There is a tape that I believe still exists — I’ve only seen it once. My friend Chris had a birthday in March 2002, and all of his friends got together and recorded a video-message for him. I remember watching the tape at his birthday party, seeing myself on TV, and how shocked I was that I looked so skinny. “Oh, God,” I distinctly remember thinking at the time. “That’s not how I look in the mirror.” It was a big realization for me, but it wasn’t until later in the year that I started to regain some of the weight I’d lost.

I don’t remember exactly what my weight was when I watched the tape, but I do know that I was at my lowest weight when I went to California for the first time a few months later. It was May 2002, and I was going there to visit a friend and then see my aunt, who were both living in/near Los Angeles. I have some pictures that were taken during that time, which are at the bottom of this post, to illustrate what I’m talking about.

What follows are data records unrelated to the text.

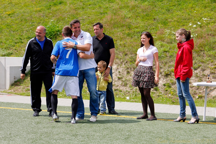 Natürlich gab es auch Einzelauszeichnungen. Dabei wurde aus den Reihen der Spieler die Frage in den Raum gestellt, ob denn auch der schönste Spieler ausgezeichnet werde. Siehe da, bei der Siegerehrung und der Pokalübergabe hatte der Veranstalter, an dessen Spitze Jens Geißler, zwar die schönsten Damen mit auf den Platz gebracht, doch die Kicker trauten sich nicht, den schönsten Kicker zu bestimmen. ältester Spieler des Turniers war Mario Mohr, der sonst in den Reihen der Alten Herren der SG Greiz aufläuft und in diesem Turnier für das Team Koehler spielte. Zum besten Spieler erklärten Mannschaftsleiter und Betreuer Andy Neiß, der im Team Spaleck spielte. Die Trophäe des besten Torwarts konnte Philipp Wünsch, der für das Team BMW/Zurich zwischen den Pfosten stand, entgegen nehmen. Und Alexander Hamann mit sechs Treffern für die Volksbank konnte sich die Torschützenkrone aufsetzen.
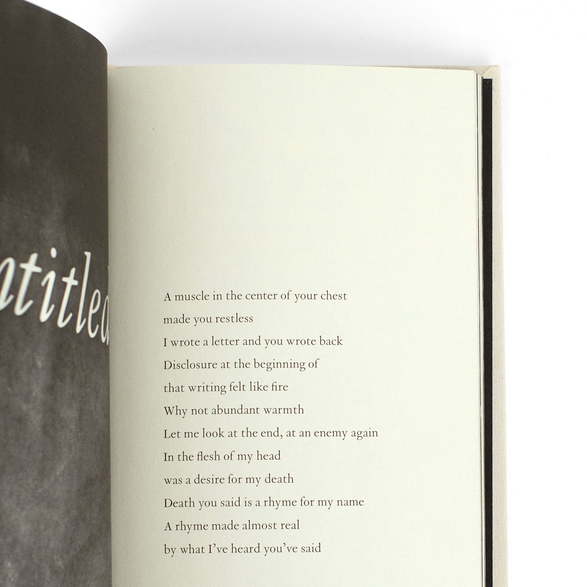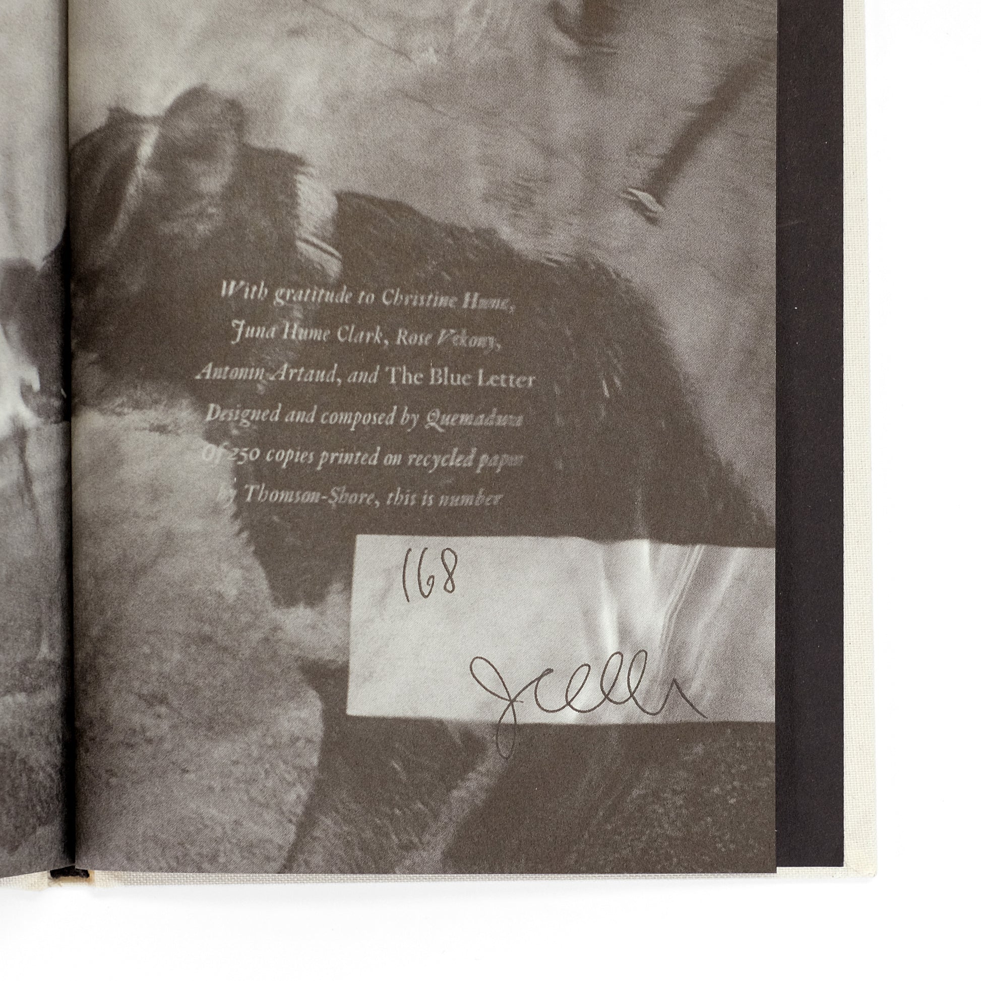 Limited edition bookwork combining poems, illustration, and design by American poet and book designer Jeff Clark (b. 1971). His final volume of original poems, also including his translation of Louis Aragon’s “Poem to Cry in Ruins.”
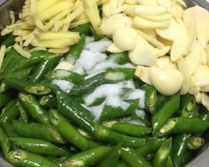 12、烧开放凉后,倒入辣椒段中,操作,腌制3天左右即可食用。
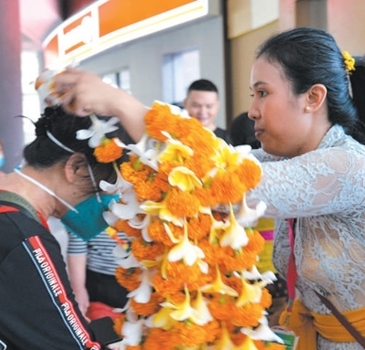 在印度尼西亞巴厘島伍拉萊國(guó)際機(jī)場(chǎng),工作人員為中國(guó)游客佩戴迎賓花環(huán)。新華社記者 徐 欽攝

Here is where I give the numbers:
I don’t know if this is the “correct” thing to do, since most people don’t give out this type of information, but I’d rather do it this way than try to be vague. (If I were to say that I was once 10 pounds, 20 pounds, 30 pounds from where I am now — well, where is that? What does that mean?)

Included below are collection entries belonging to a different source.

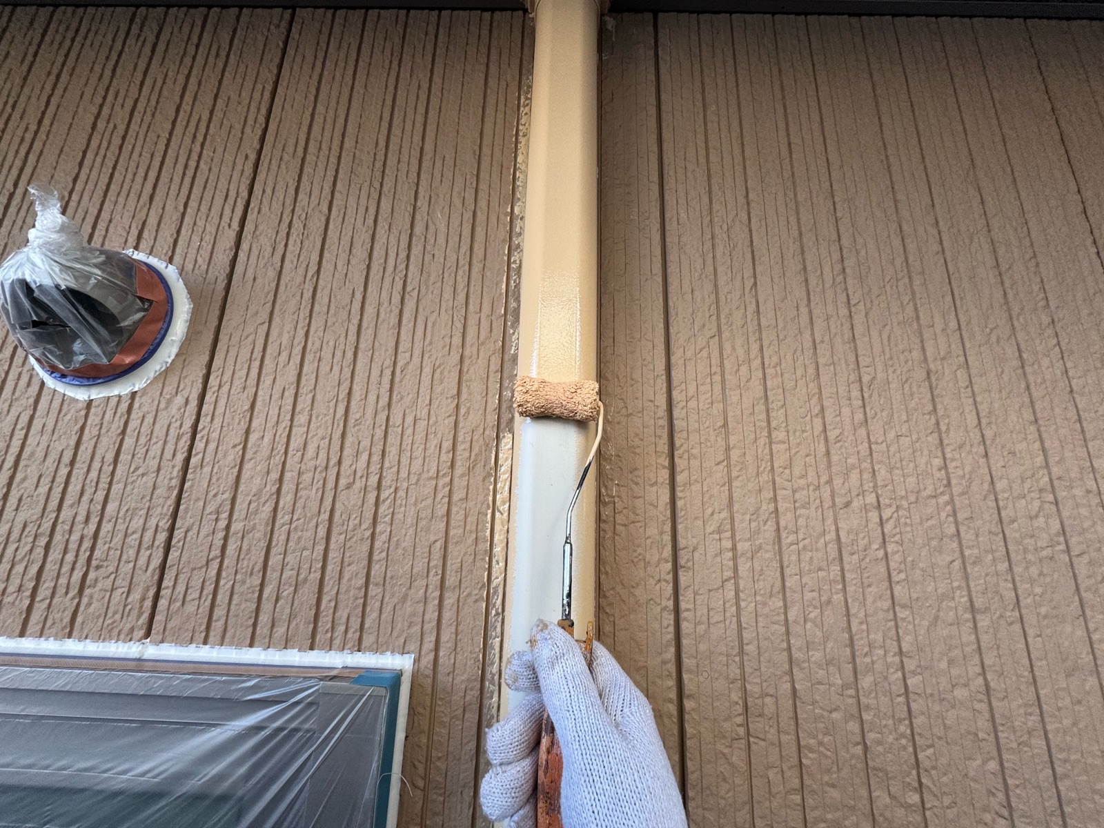 雨樋塗装、室外機カバー塗装 1回目の様子です
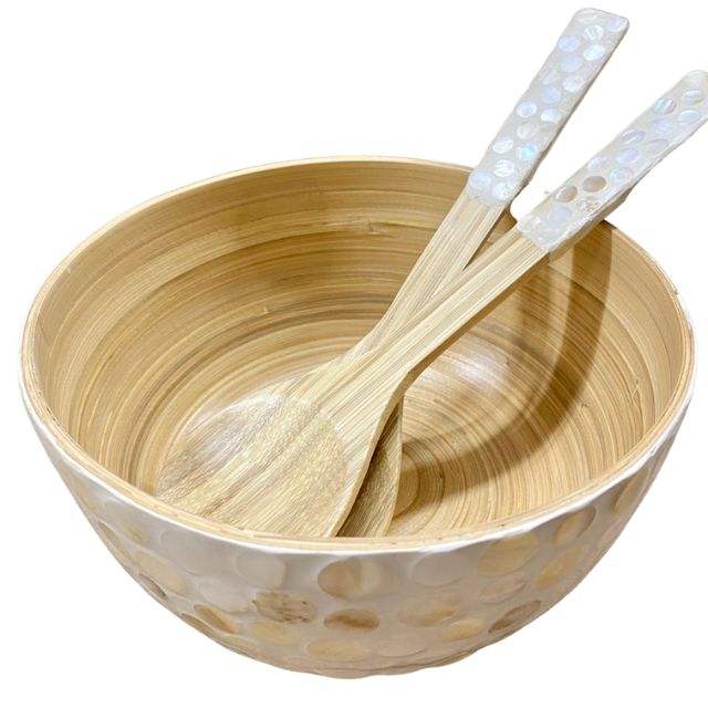 Product name:Spun bamboo MOP inlay salad bowl with servers
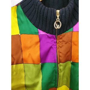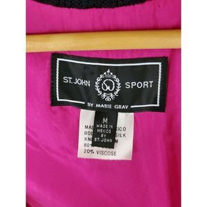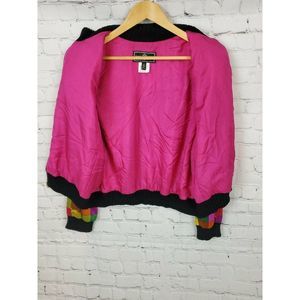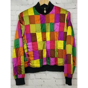 VTG 90s St John Silk Bomber Jacket Size M Block Multicolor Satin Wool Trim
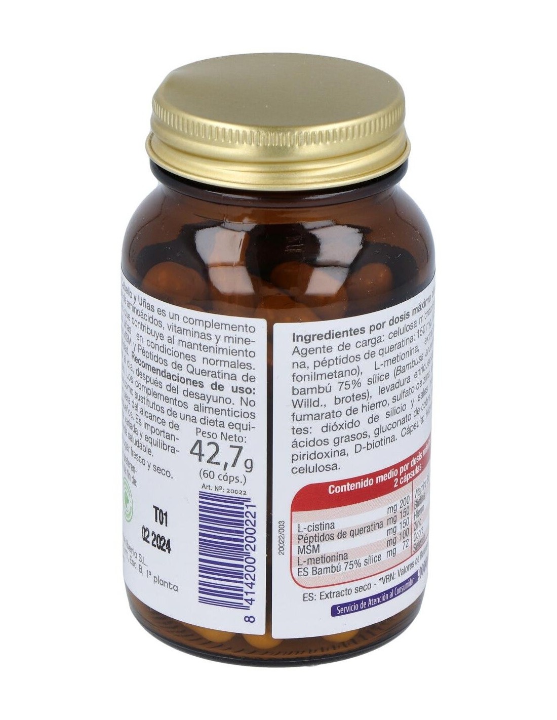 L-cistina (150 mg), Dióxido de Silicio, Sílice, Sulfato de Zinc, Gluconato de Cobre, Celulosa microcristalina, Extracto seco de bambú, Levadura de selenio, Fumarato de hierro, L-Metionina, Clorhidrato de piridoxina, D-biotina, Sales magnésicas de ácidos grasos, Péptidos de queratina, MSM.

So here it is: when I first decided that I need to lose a few pounds in 2000, when I was 20 years old, I was 5’9″ and weighed about 150 pounds. Even at that weight I knew that I wasn’t fat; I’ve never worn jeans larger than a size 10. According to the CDC’s BMI chart (Body Mass Index), at a weight of 150 pounds, and for my height, I was squarely in the range of “normal” with a BMI of 22.1 (the normal range is 18.5-24.9).

At my lowest weight, during the spring/summer of 2002, I weighed thirty pounds less than that — I had gotten down to 120. (I was weighing myself practically every morning, and the lowest number I ever remember seeing was 118.) I pretty much stopped having my menstrual cycle; for a few years I had a period only about 1-2 times a year. At 120 pounds, my BMI was 17.7. Underweight, according to the charts. If I accidentally hit the side of a door when walking through, or did something else that normally shouldn’t have caused me any harm, I’d get a bruise. My hipbones jutted out, so I had almost constant bruises on my hips during that time.

In the years since then, I’ve gotten back to a more normal weight. It can fluctuate, depending on what I’m eating and how much I’m exercising, but generally I’m somewhere between 128-132 (BMI of 18.9-19.5), and the highest my weight has been since since then is 135. That BMI range sounds low to me, but the mirror is still where I’m at my most critical. In the mirror I see a rounded stomach, and thighs that I wish were thinner. At the same time, I hate feeling this way and I am the first advocate to tell other people — absolutely truthfully — that they are beautiful just the way they are.

I’ve written in the past about body image, but it was in the context of an article that I’d seen. Even though I didn’t really say anything personal about myself at the time, I felt that just by writing about the topic I might be showing that I was overly interested. But nobody asked, “So how is your body image?” even though I was kind of expecting it. I think we tend to avoid this topic unless someone specifically brings it up. It’s a “weighty” topic, no matter what your size.

Why am I writing this? Why now?
Like I said, this is something I’ve lived with for over five years, and it has changed me. Even though I don’t obsess about food and calories and weight as much as I used to, the feelings have never completely left. The Skinny Monster found me one day when I was least expecting it, and he refuses to let me go.

I think part of the reason for the drastic weight loss was my tendency to be a perfectionist. When I started to lose weight, even though I knew in my head that I didn’t need to lose it, I also didn’t want to gain it. I felt that if I gained the weight back, it meant I was weak and I had failed.

I don’t know if what I’m saying right now is adequate. I don’t think I’ve said everything that I want to say — all the things I thought I might say once I finally got up the nerve. But this is a start. I’ve put it out there, and hopefully it shouldn’t be as hard to say things in the future if they come to mind. If anyone has any questions or input, I’d be happy to hear it. Maybe it’ll help spark what I forgot.